Available Sub-Skills

```
codeprobe-security
```
— Security vulnerability detection
```
codeprobe-error-handling
```
— Error handling & resilience
```
codeprobe-solid
```
— SOLID principles analysis
```
codeprobe-architecture
```
— Architecture analysis
```
codeprobe-patterns
```
— Design patterns advisor
```
codeprobe-performance
```
— Performance & scalability
```
codeprobe-code-smells
```
— Code smell detection
```
codeprobe-testing
```
— Test quality & coverage
```
codeprobe-framework
```
— Framework-specific best practices

5. Output Contract

Every finding from every sub-skill MUST include these fields:

Field	Required	Description
`id`	Yes	Unique identifier in format `{PREFIX}-{NNN}` (e.g., `SRP-001` , `SEC-003` )
`severity`	Yes	One of: `critical` , `major` , `minor` , `suggestion`
`location`	Yes	File path + line range (e.g., `src/UserService.php:45-67` )
`problem`	Yes	One sentence describing the issue
`evidence`	Yes	Concrete proof from the code — quote the relevant lines
`suggestion`	Yes	What to do to fix it
`fix_prompt`	Yes	A copy-pasteable prompt the user can give to Claude Code to apply the fix
`refactored_sketch`	No	Optional code snippet showing the improved version

Finding Format Example

### SRP-001 | Major | `src/UserService.php:45-67`

**Problem:** UserService violates Single Responsibility — handles authentication, email sending, and database queries in one class.

**Evidence:**
> Lines 45-50: `public function authenticate($credentials) { ... }`
> Lines 52-60: `public function sendWelcomeEmail($user) { ... }`
> Lines 62-67: `public function findByUsername($name) { ... }`

**Suggestion:** Extract email logic into a dedicated `UserMailer` service and database queries into a `UserRepository`.

**Fix prompt:**
> Refactor `src/UserService.php` to follow Single Responsibility Principle: extract `sendWelcomeEmail()` into a new `UserMailer` class and `findByUsername()` into a `UserRepository` class.

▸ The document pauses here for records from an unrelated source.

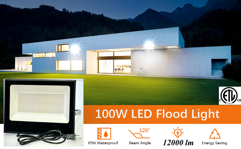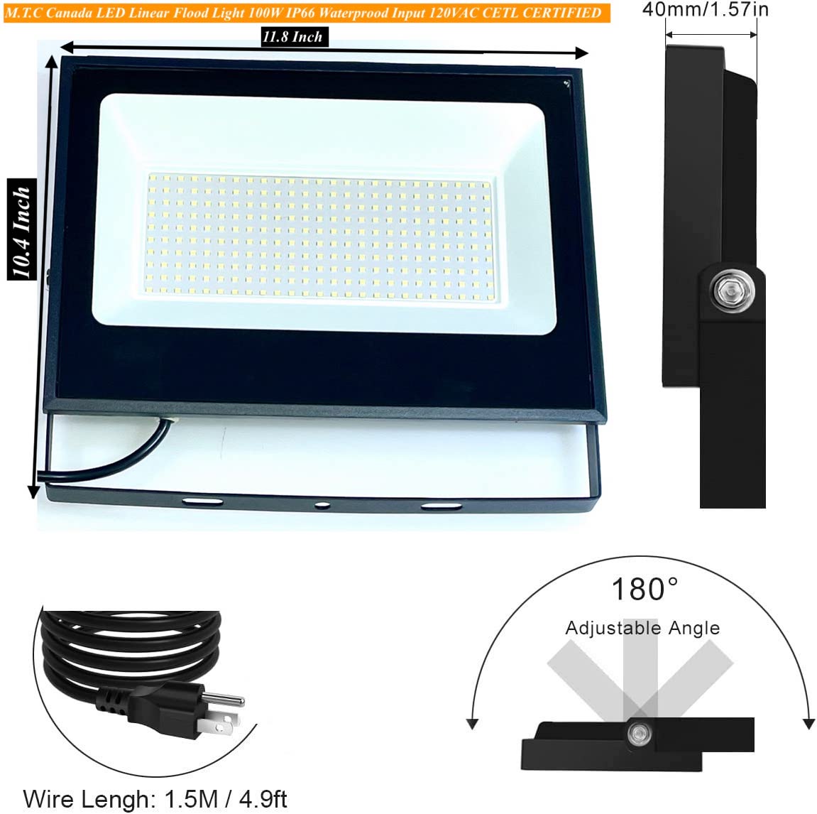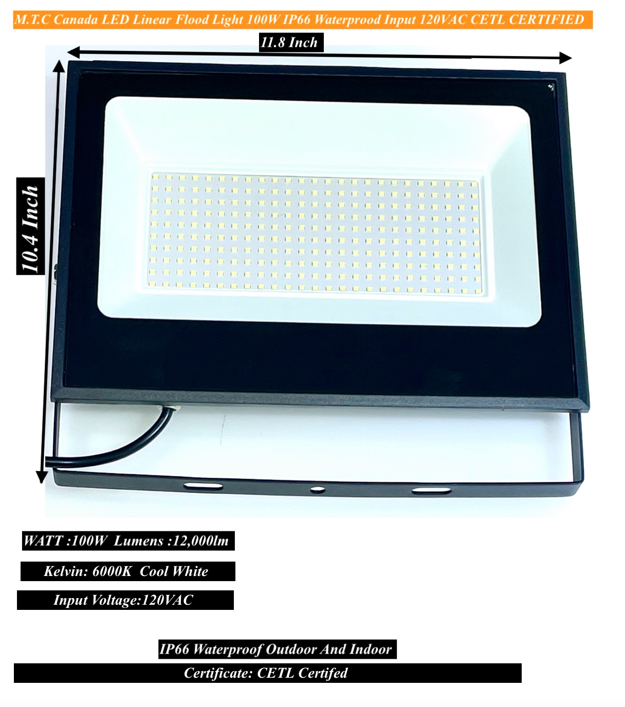 M0641: M.T.C Canada LED 100W Linear Slim Flood Light 12000lm 6000K Ip66 Input Voltage AC120V With 1.5M Wire and US wall plug CETL Certified
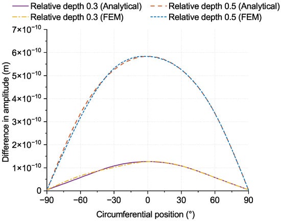 Lastly, to enhance the applicability of the proposed approach, it is essential to validate the results of the forced vibration response of the shield tunnel lining with a partly circumferential crack. The properties and dimensions of the lining remain unchanged. Figure 5 displays one example of the validation procedure. The point load’s frequency and amplitude are set at 100 Hz and 100 N. The load, crack, and monitor relative positions are 0.25, 0.5, and 0.55, respectively. Additionally, seven monitors are spaced at a circumferential angle of  between neighboring points. The figure indicates the amplitude difference in radial displacements obtained through both FEM and the proposed method across two relative depths. The vertical axis denotes the difference in displacement response amplitudes between undamaged and cracked tunnel linings. Meanwhile, the horizontal axis represents the angular distribution of monitoring points along the circumferential section. The comparison of analytical and related FEM results reveals a good agreement, irrespective of crack depth variations. This alignment attests to the correctness and accuracy of the analytical approach for the vibration response of the shield tunnel lining with a partly circumferential crack.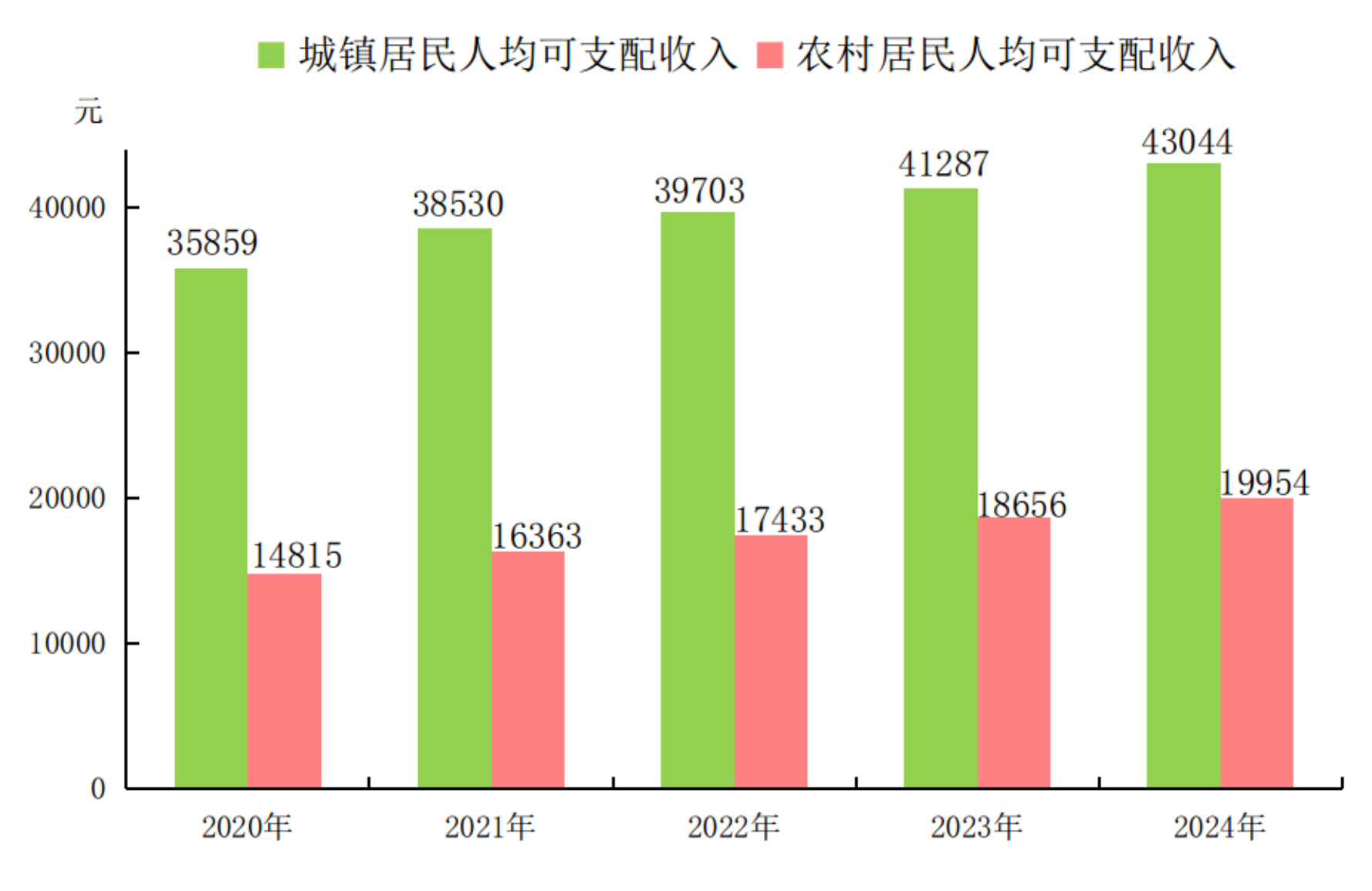 图8 2020—2024年广西城乡居民人均可支配收入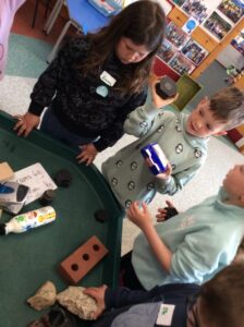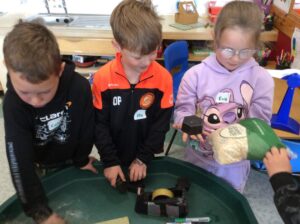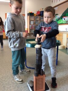 For number 6 they used 6 sticks to make their own shapes and designs. They also used plasticine to make a swamp scene with 6 snakes, 6 rocks etc. This was a great opportunity for communication for collaboration.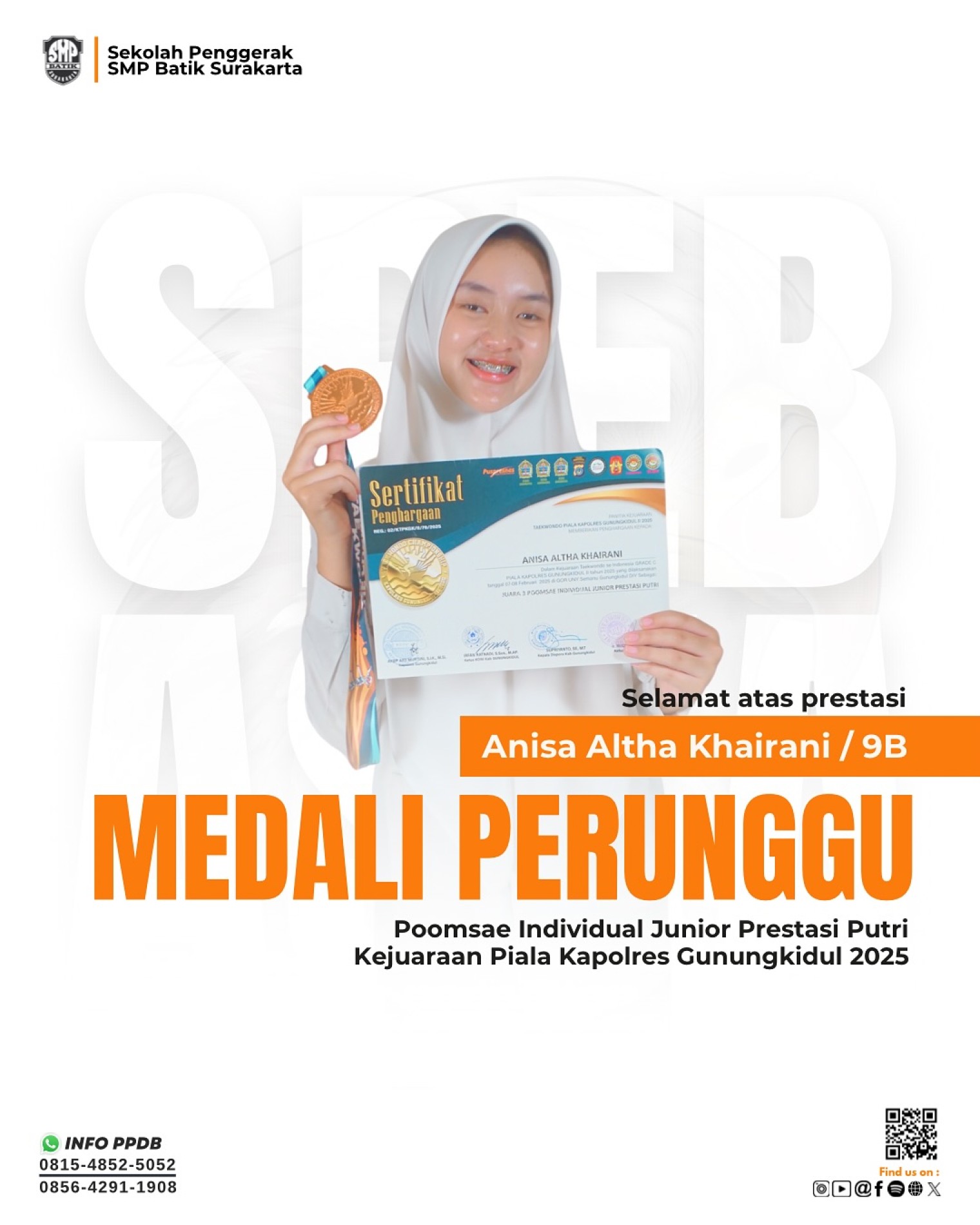 Selamat kepada Anisa Altha Khairani Kelas 9B atas prestasinya sebagai Peraih Medali Perunggu Poomsae Individual Junior Putri dalam Kejuaraan Piala Kapolres Gunungkidul 2025

Keep `authenticate()` in `UserService` and inject the new dependencies.

6. Severity Levels

Level	Emoji	Meaning	Examples
Critical	🔴	Confirmed bugs, exploitable security vulnerabilities, or data loss/corruption risks that would cause harm in production	SQL injection with user input, missing auth on data-mutating endpoint, race condition causing data corruption, unhandled crash on a core path, missing DB transaction on multi-step writes
Major	🟠	Significant maintainability, reliability, or scalability problem that increases risk but is not an immediate production defect	Missing tests for critical business logic, large classes, code duplication, missing error handling on external calls, N+1 queries, missing input validation
Minor	🟡	Code smell, low risk, worth addressing for long-term health	Magic numbers, deep nesting, poor naming, missing edge case tests, verbose error details
Suggestion	🔵	Improvement idea, nice to have, no real risk if ignored	Pattern opportunities, style improvements, speculative generality

Severity Guardrails

The following are NEVER Critical — classify as Major at most:

Missing tests (even for critical business logic)
Code duplication or large classes/files
Code smells of any kind
Framework convention violations
Missing documentation, comments, or type annotations

Critical is reserved exclusively for:

Confirmed bugs (code that produces wrong results or crashes)
Exploitable security vulnerabilities (injection, auth bypass, IDOR with proof)
Data loss or corruption risks (missing transactions, race conditions on writes)
Sensitive data exposure (secrets in code, credentials in logs)

Sub-skills: do NOT escalate findings beyond the severity specified in your detection table. If your table says "Major," report it as Major even if the specific instance seems severe. The orchestrator's scoring formula accounts for finding counts at each level.

7. Scoring

After collecting all findings, compute scores per category and an overall score.

Category Score Formula

Each penalty component is capped to prevent a single severity level from dominating the score:

crit_penalty  = min(50, critical_count * 15)
major_penalty = min(30, major_count * 6)
minor_penalty = min(10, minor_count * 2)

category_score = max(0, 100 - crit_penalty - major_penalty - minor_penalty)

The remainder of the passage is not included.